- _EXERCISE PROMPT_: Print word for word whatever lies between the first line of the material and the line holding "男物アンサンブル紬着物反物/西陣別織/紺地/無地", both included, and omit all pictures.

⟨

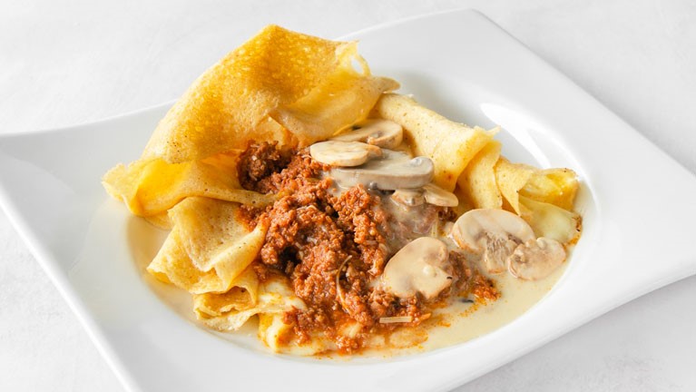 Crepe de boloñesa + queso + champiñón = buena mezcla
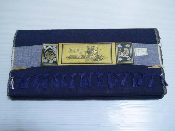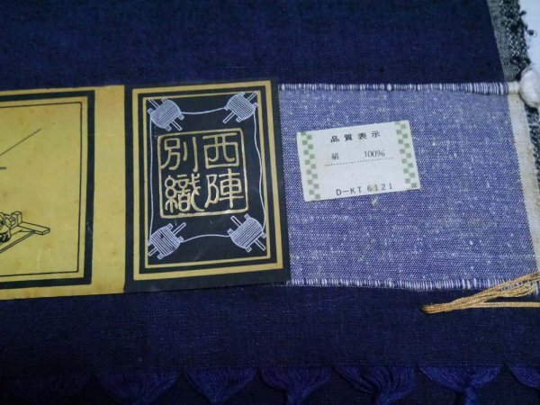 男物アンサンブル紬着物反物/西陣別織/紺地/無地
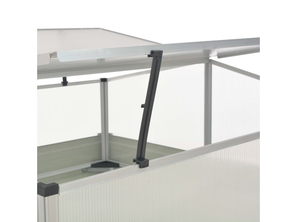 Zahradní skleník je vyroben z polykarbonátové desky a pozinkované oceli, je tedy mimořádně odolný a krásně zhotovený. Je dostatečně hluboký a široký, aby dokázal pojmout velké množství zeminy, a poskytl vám tak spoustu místa, kam si můžete zasadit svou zeleninu, rostliny, bylinky a květiny. Se svým jednoduchým čtvercovým designem se bude skvěle vyjímat na každém balkonu, terase či dvorku. Obvod spodní části skleníku má zahnuté okraje, aby nikde nevyčnívaly žádné ostré hrany. Konstrukce bez dna poskytuje rostlinám dobrou drenáž a zabraňuje hromadění vody, která způsobuje hnití kořenů rostlin. Rostlinám také umožňuje lépe přijímat živiny. Můžete ji umístit na půdu, trávu nebo betonovou podlahu. Sestavení výrobku je snadné. Upozorňujeme, že střecha skleníku nedokáže čelit těžké sněhové pokrývce.
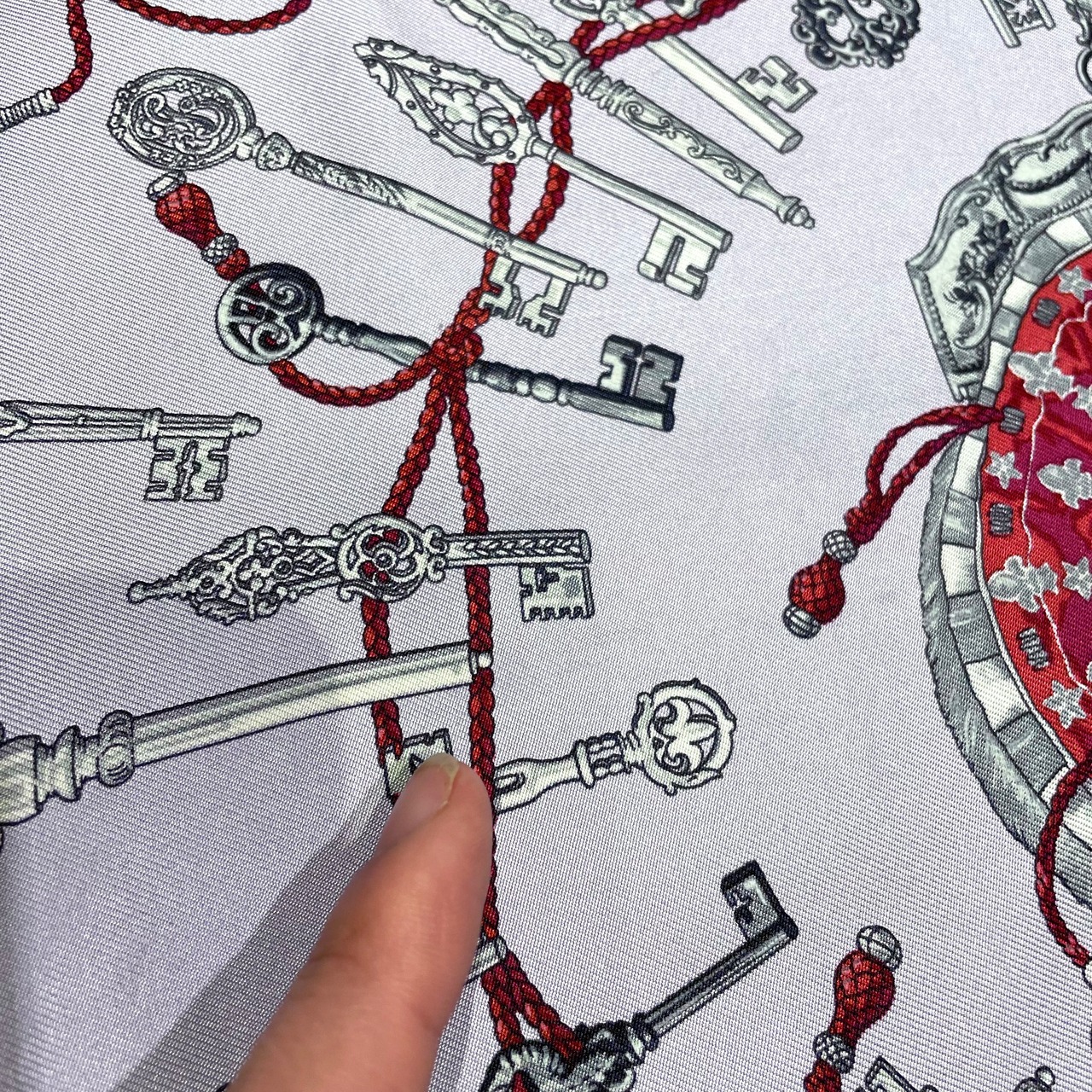鍵がモチーフのデザインのスカーフ。
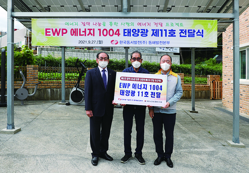 [강원사회복지신문 김종한 기자]=한국동서발전(주) 동해발전본부(본부장 남석열)는 지난 9월 27일 동해시 추암경로당에서 'EWP에너지 1004 태양광 제11호' 전달식을 가졌다. EWP에너지1004는 사회공헌 플랫폼 앱 '워크온'을 통해 일반시민과 임직원의 걸음 수가 목표에 달성하면 이웃에 태양광 설비를 전달하는 방식으로 에너...
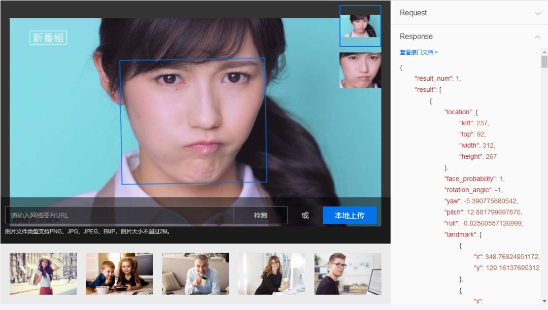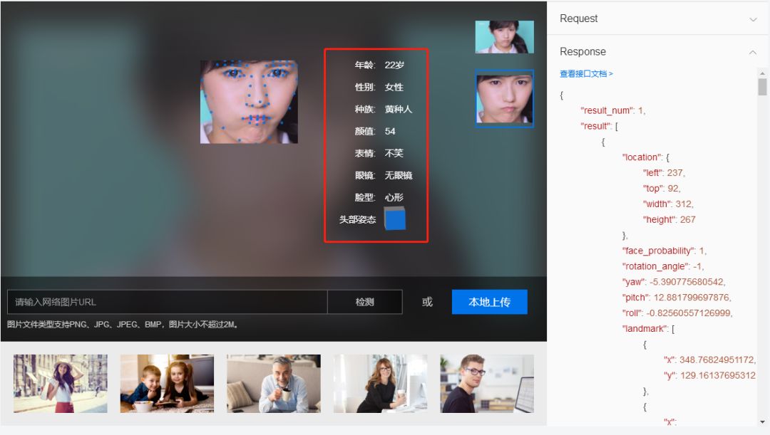 图2.2 Baidu AI开放平台人脸API的功能演示
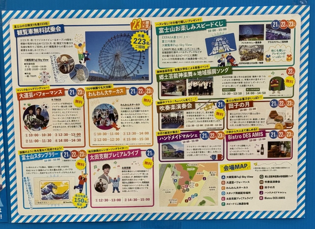 「EXPASA富士川(上り)」「大観覧車Fuji Sky View」「道の駅 富士川楽座」の合同イベントで、2月23日の「富士山の日」と観覧車の開業9周年を記念した催しです。23日限定で観覧車が先着223人無料になる他、スピードくじやスタンプラリー、大道芸、富士名物「田子の月」の販売、郷土芸能や吹奏楽演奏など多彩なイベントが行われます。まさに、富士山づくしの3日間ですよ!
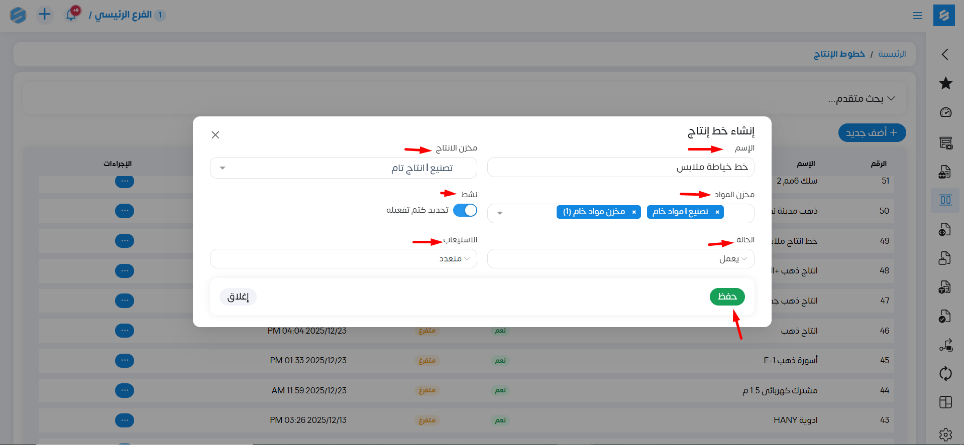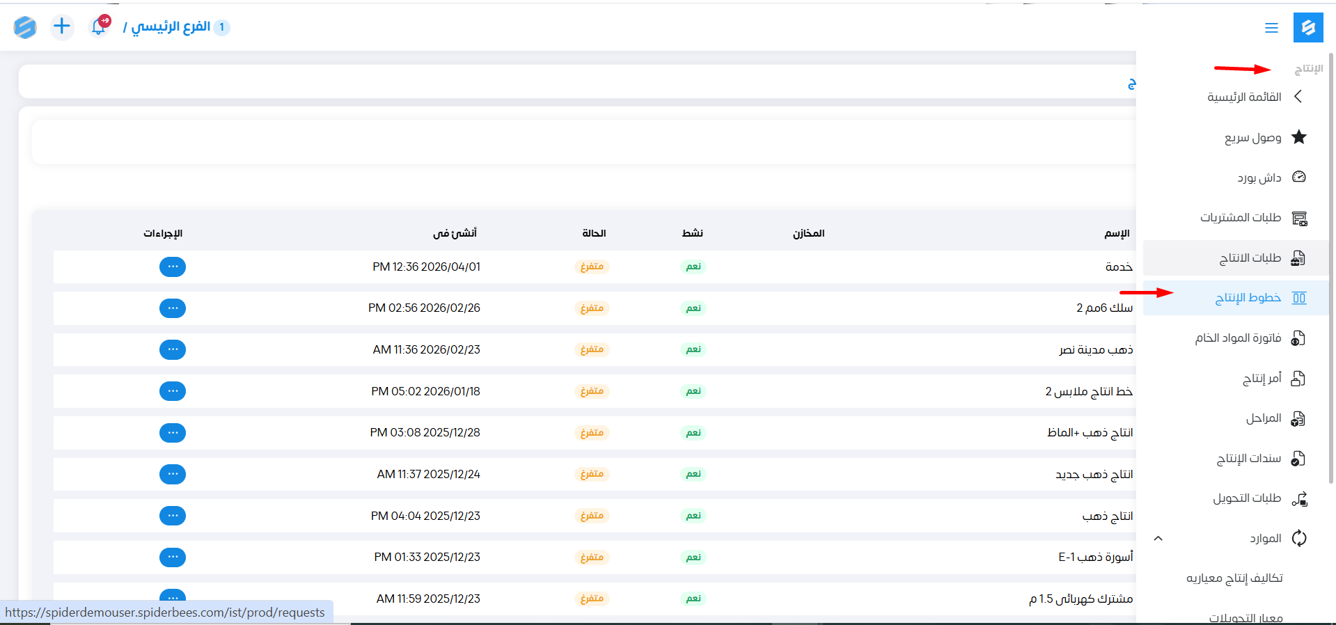 عند الدخول إلى موديول الإنتاج ثم خطوط الإنتاج.

⟩

- _SOLUTION FOR THIS TASK_:
 Crepe de boloñesa + queso + champiñón = buena mezcla
 男物アンサンブル紬着物反物/西陣別織/紺地/無地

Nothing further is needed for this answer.